Coronary artery disease (CAD) remains one of the leading causes of mortality and morbidity worldwide. As oxygen and nutrient supply to the myocardium significantly decrease during ischemic periods, important changes occur regarding myocardial intermediary energy metabolism. Metabolomics is an emerging field in systems biology, which quantifies metabolic changes in response to disease progression. This study aims to evaluate the diagnostic utility of plasma metabolomics-based biomarkers for determining the complexity and severity of CAD, as it is assessed via the SYNTAX score.

Methods

Corlipid is a prospective, non-interventional cohort trial empowered to enroll 1065 patients with no previous coronary intervention history, who undergo coronary angiography in University Hospital AHEPA, Thessaloniki.
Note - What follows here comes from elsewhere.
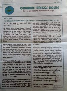 Recall that the Chiefs from the Oruwari Briggs House in Abonnema had on May 23, 2019, in a publication, raised concerns over the whereabouts of the patriarch.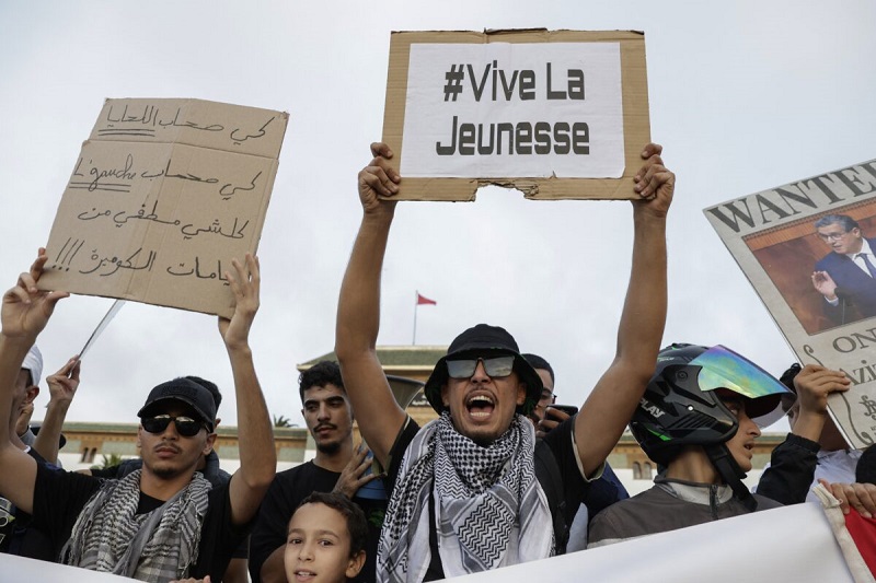 Des manifestants brandissent des pancartes lors d'une manifestation menée par des jeunes, place Mohammed V à Casablanca, le 6 octobre 2025. Ils réclament des réformes de la santé publique et de l'éducation. Abdel Majid BZIOUAT / AFP

Venous blood samples are collected before coronary angiography. State-of the-art analytical methods are performed to calculate the serum levels of novel biomarkers: ceramides, acyl-carnitines, fatty acids, and proteins such as galectin-3, adiponectin, and the ratio of apolipoprotein B/apolipoprotein A1. Furthermore, all patients will be categorized based on the indication for coronary angiography (acute coronary syndrome, chronic coronary syndrome, preoperative coronary angiography) and on the severity of CAD using the SYNTAX score. Follow-up of 12 months after enrollment will be performed to record the occurrence of major adverse cardiovascular events. A risk prediction algorithm will be developed by combining clinical characteristics with established and novel biomarkers to identify patients at high risk for complex CAD based on their metabolite signatures. The first patient was enrolled in July 2019 and completion of enrollment is expected until May 2021.

Discussion

CorLipid is an ongoing trial aiming to investigate the correlation between metabolic profile and complexity of coronary artery disease in a cohort of patients undergoing coronary angiography with the potential to suggest a decision-making tool with high discriminative power for patients with CAD. To our knowledge, Corlipid is the first study aspiring to create an integrative metabolomic biomarkers-based algorithm by combining metabolites from multiple classes, involved in a wide range of pathways with well-established biochemical markers.

Trial registration CorLipid trial registration: ClinicalTrials.gov number: NCT04580173. Registered 8 October 2020—Retrospectively registered, https://clinicaltrials.gov/ct2/show/NCT04580173.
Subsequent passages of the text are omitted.